I would like the records restated word for word, without the pictures.

-=-=-

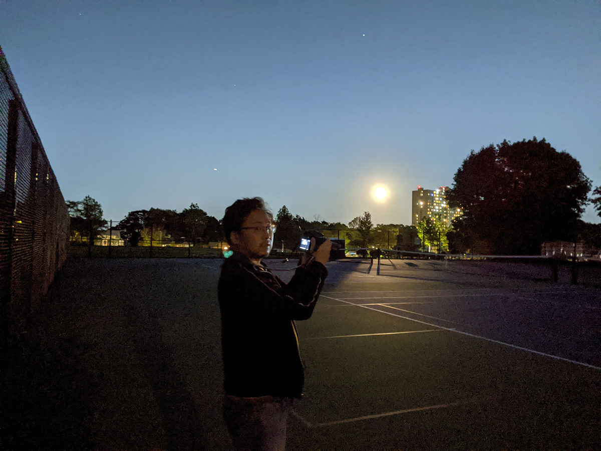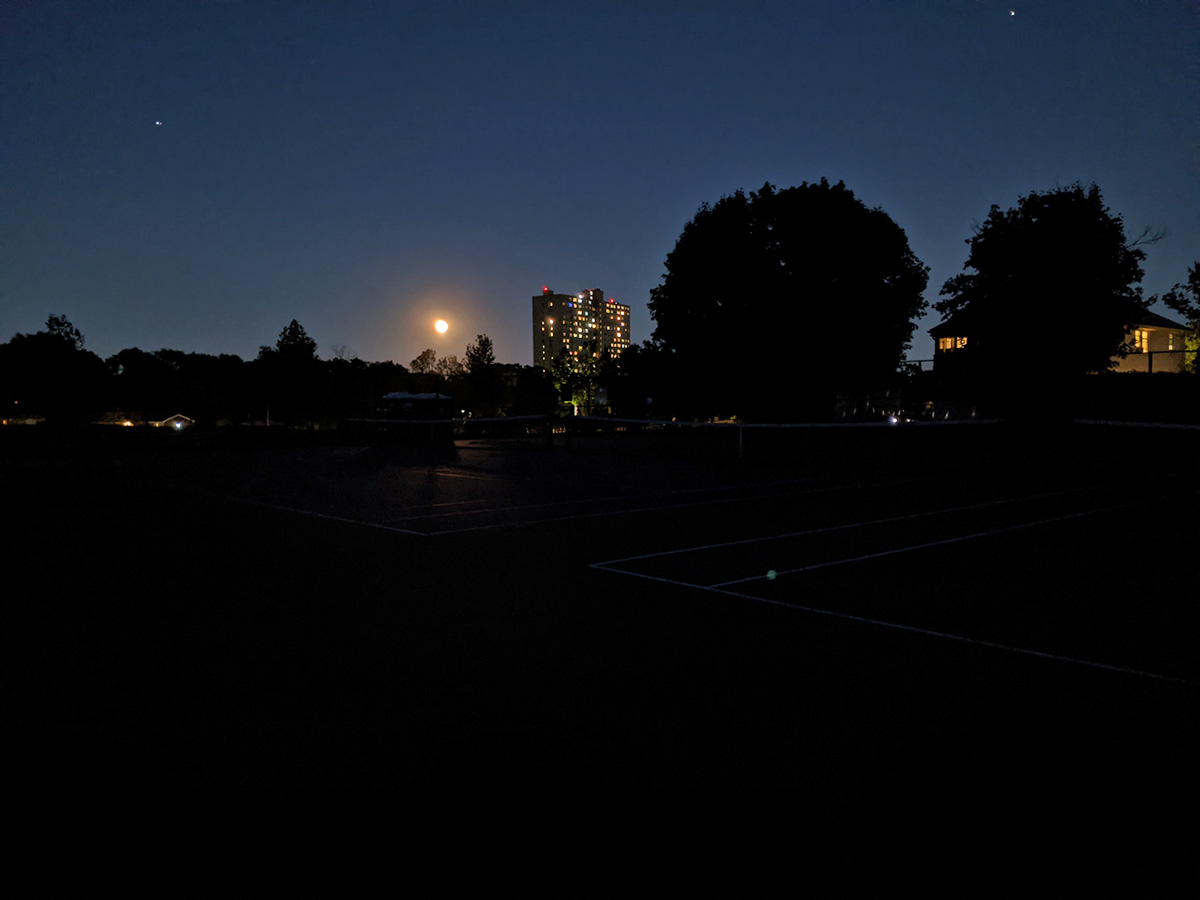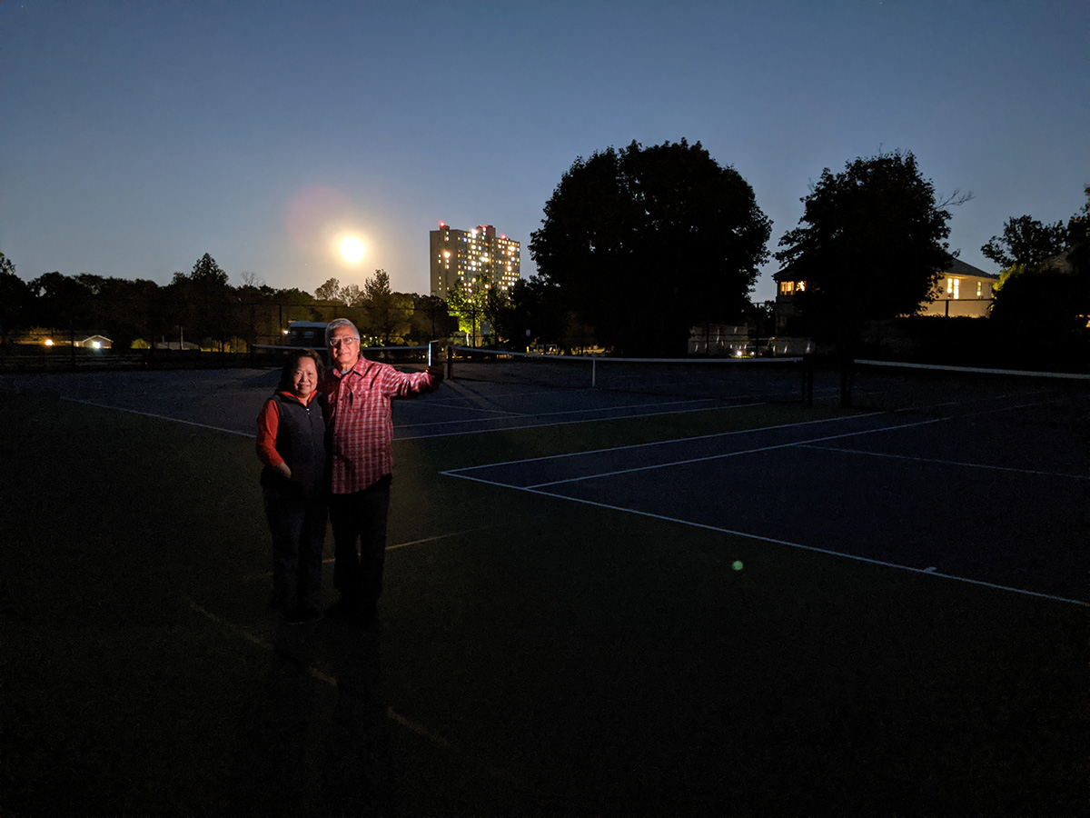 the tennis court was unlocked and we went inside to take photos. one good thing about standing in the tennis court was no mosquitoes. i was having a hard time getting any good moon photos with my dSLR 55-250mm lens. i had better luck with my google pixel phone, using the night sight setting. i took some photos of my parents, illuminating by the glow of my mother's phone.
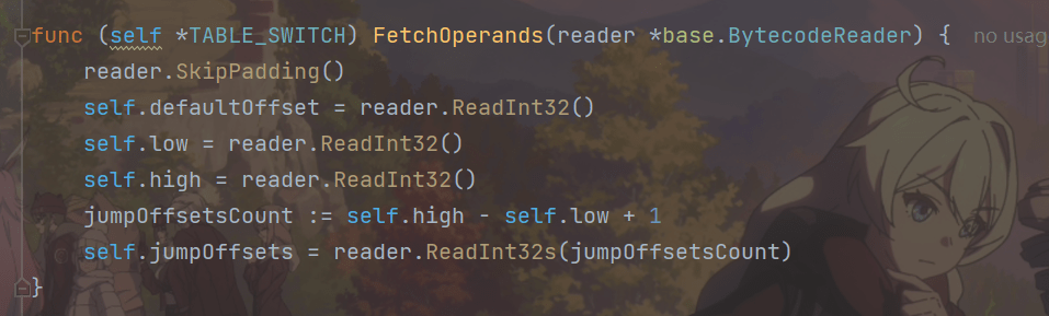 }tableswitch指令的操作数比较复杂,它的FetchOperands()方法如下:
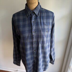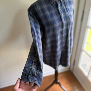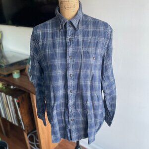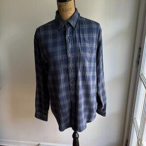 Arrow Blue Jeans Co. • Men’s Navy & Mustard Plaid Flannel Button-Down Size L
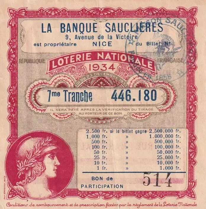 Billet France Loterie nationale - La banque Sauclières - 1934
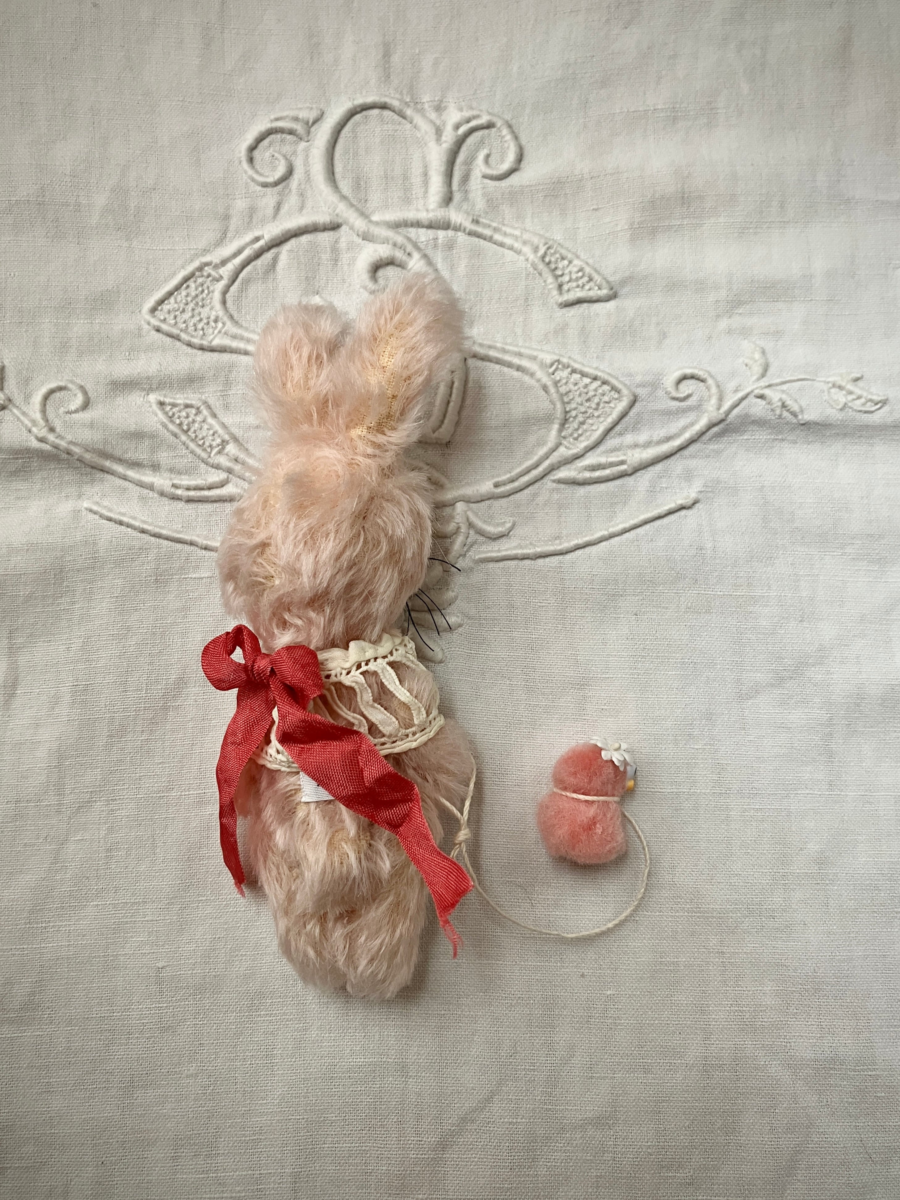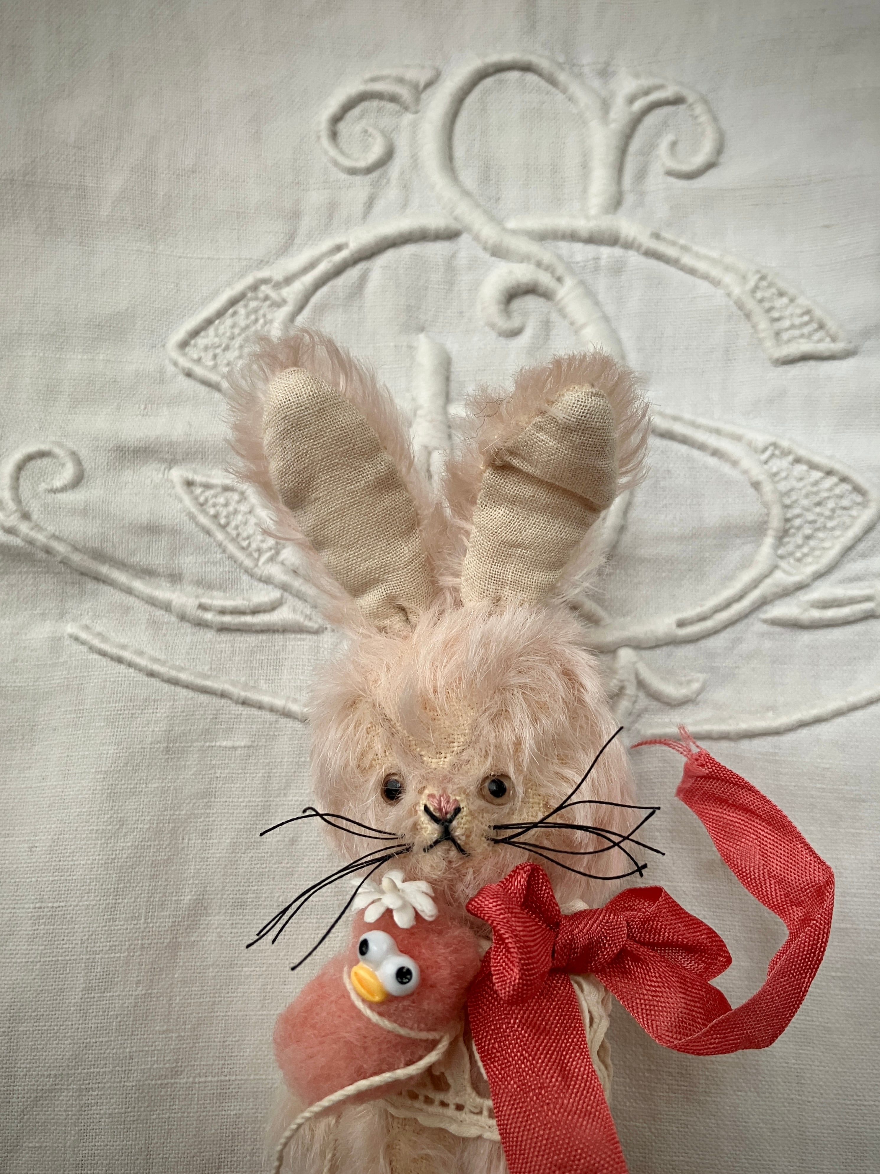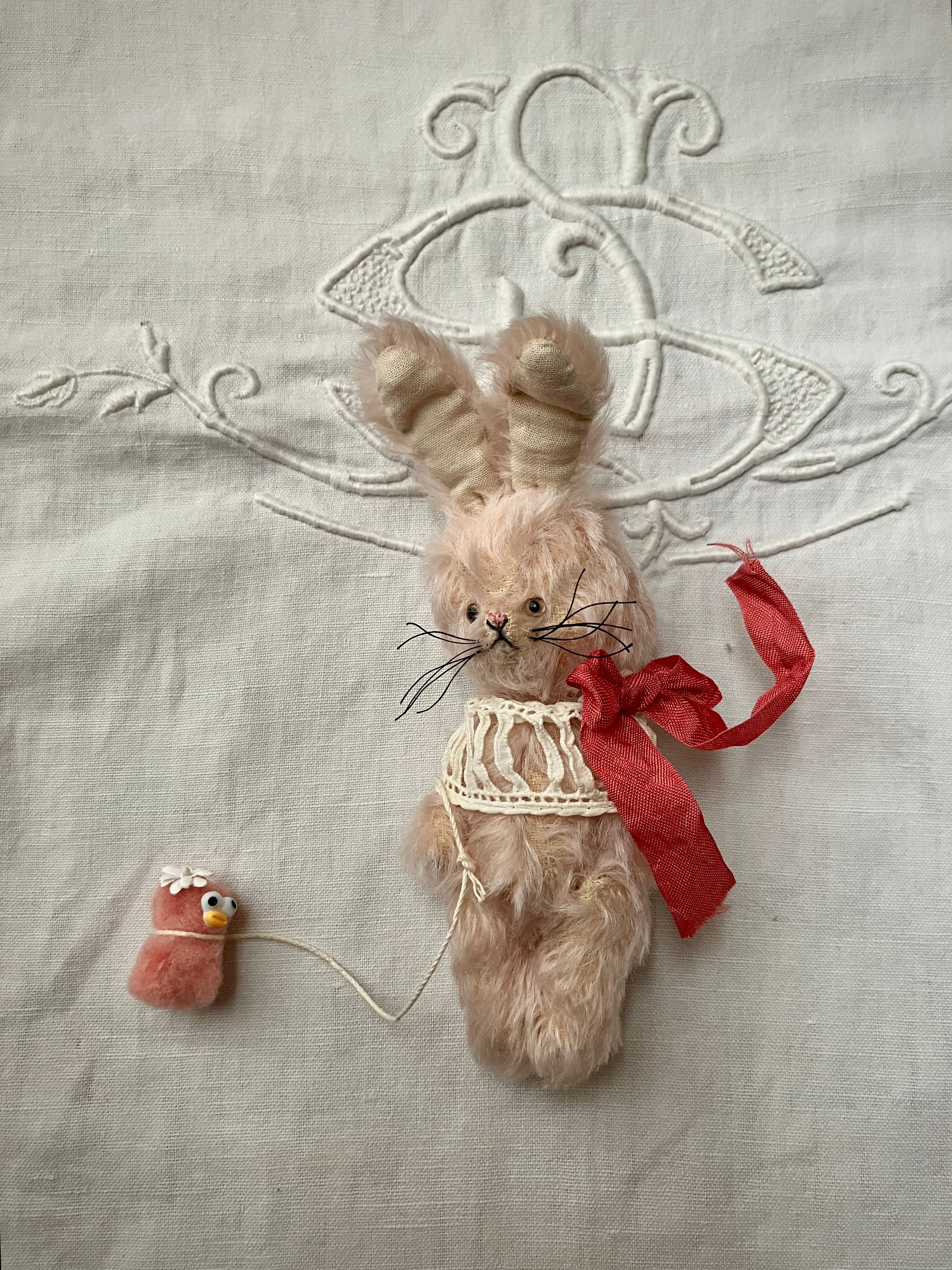 □アンティークの付け襟をつけた、可愛いうさぎ。

-=-=-

» **FINISHED TASK**
 the tennis court was unlocked and we went inside to take photos. one good thing about standing in the tennis court was no mosquitoes. i was having a hard time getting any good moon photos with my dSLR 55-250mm lens. i had better luck with my google pixel phone, using the night sight setting. i took some photos of my parents, illuminating by the glow of my mother's phone.
 }tableswitch指令的操作数比较复杂,它的FetchOperands()方法如下:
 Arrow Blue Jeans Co. • Men’s Navy & Mustard Plaid Flannel Button-Down Size L
 Billet France Loterie nationale - La banque Sauclières - 1934
 □アンティークの付け襟をつけた、可愛いうさぎ。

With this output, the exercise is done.